TO WHOM IT MAY CONCERN: The Jacksonville District of the U.S. Army Corps of Engineers (Corps) has received an application for a Department of the Army permit pursuant to Section 404 of the Clean Water Act (33 U.S.C. §1344) as described below:
APPLICANT: Collier County Facilities Management Division
Mr. Damon Grant
3325 Tamiami Trail East
Naples, Florida 34112
WATERWAY AND LOCATION: The project would affect waters of the United States associated with the Cocohatchee Canal. The project site is located on an undeveloped parcel, at 15430 Collier Boulevard, in Section 23, Township 48 South, Range 26 East, in Naples, Collier County, Florida.
Directions to the site are as follows: From the Fort Myers field office, turn left onto Summerlin Road (0.2-miles), turn right onto Colonial Boulevard (5.1-miles), merge onto Interstate 75 South (24-miles), take Exit 111 and turn left onto Immokalee Road (3.4-miles), turn left onto Colonial Boulevard (0.3-miles), the site is on the right just past an existing wastewater pump station.
APPROXIMATE CENTRAL COORDINATES: Latitude: 26.276231°
Basic: The basic project purpose is government services.
Overall: The overall project purpose is to construct needed government services facilities within northern Naples.

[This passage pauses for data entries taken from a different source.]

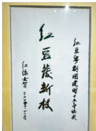
●紅線女為慶祝紅粵劇團建團15周年的題字，寄託了她對「南國紅豆」的厚望。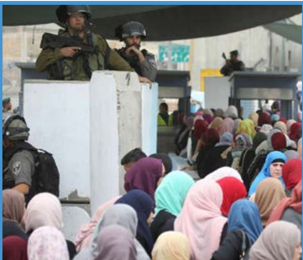
تدابیر شدید امنیتی پیش از شروع نماز جمعه در قدس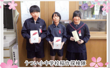
うつい小中学校稲作探検隊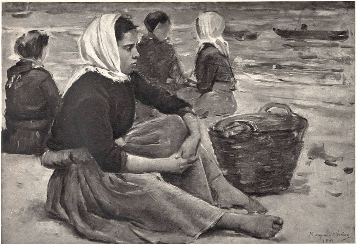
In Erwartung der Fischerbarken, Studie von Marques de Oliveira, Lissabon, 1853–1927. (Nationalmuseum moderner Kunst, Lissabon)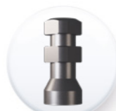
Réf. AIPMU 40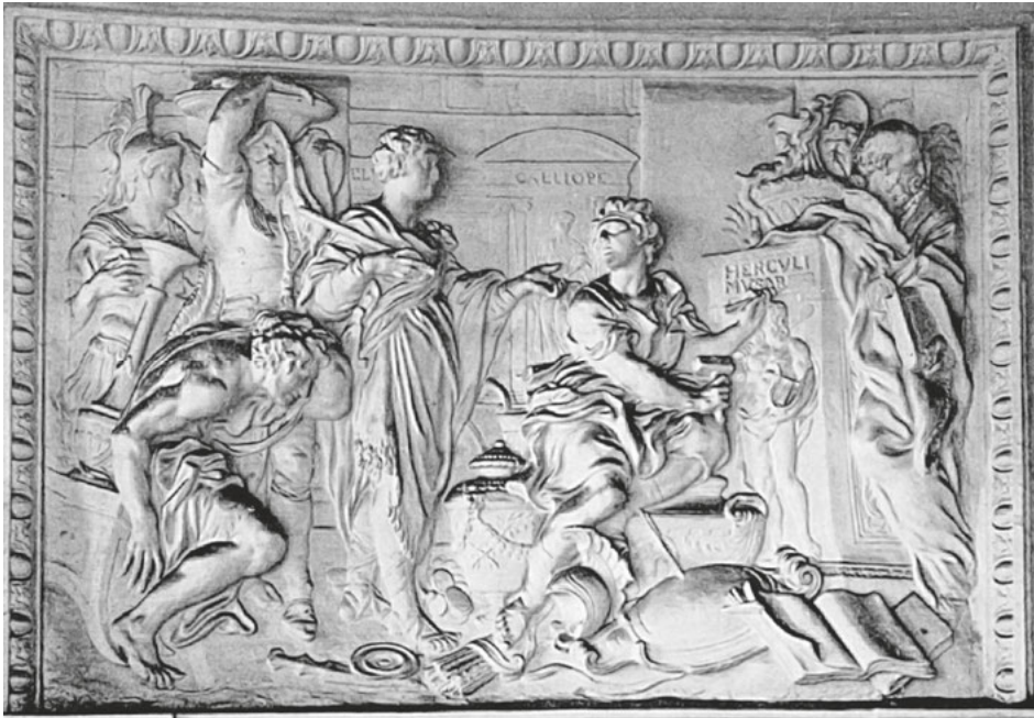
Abb. 26: Johann Friedrich Eosander von Göthe, Der Imperator läßt Trophäen in einen Musentempel einbringen (Allegorie auf die Förderung der Schönen Künste) , Relief im oberen Saal, um 1710, Berlin, Schloss Charlottenburg.

Im erhaltenen Skizzenbuch von Christoph Pitzler ist auch die Decke des Alabastersaales beschrieben, die Rahmungen in den Vouten nehmen noch einmal direkten Bezug zur engen Verbindung des Kurfürsten als Kriegsherr und Musenfürst, denn es waren gezeigt „die Künste als Arch(itettura) mit Pozdam, Pittura mit des Churfürsten) und contref(ait) des alten, Fortif(icazione) mit Berlin, Scultura mit des Churfürsten) contref(ait) des alten“. 118

EXISTING CONDITIONS: The project site consists of approximately 7.73-acres of former mining lands and an existing wastewater pump station. On-site waters of the U.S. consist of man-made vegetated surface waters surrounded by previously disturbed uplands. The site is bordered by Bellaire Bay Drive to the north and east, Collier Boulevard to the west, and an existing wastewater pump station to the south. The wastewater pump station was previously issued a No Permit Required (SAJ-2006-07883) by the Corps. The site is located in an area portioned off from the overall Heritage Bay development.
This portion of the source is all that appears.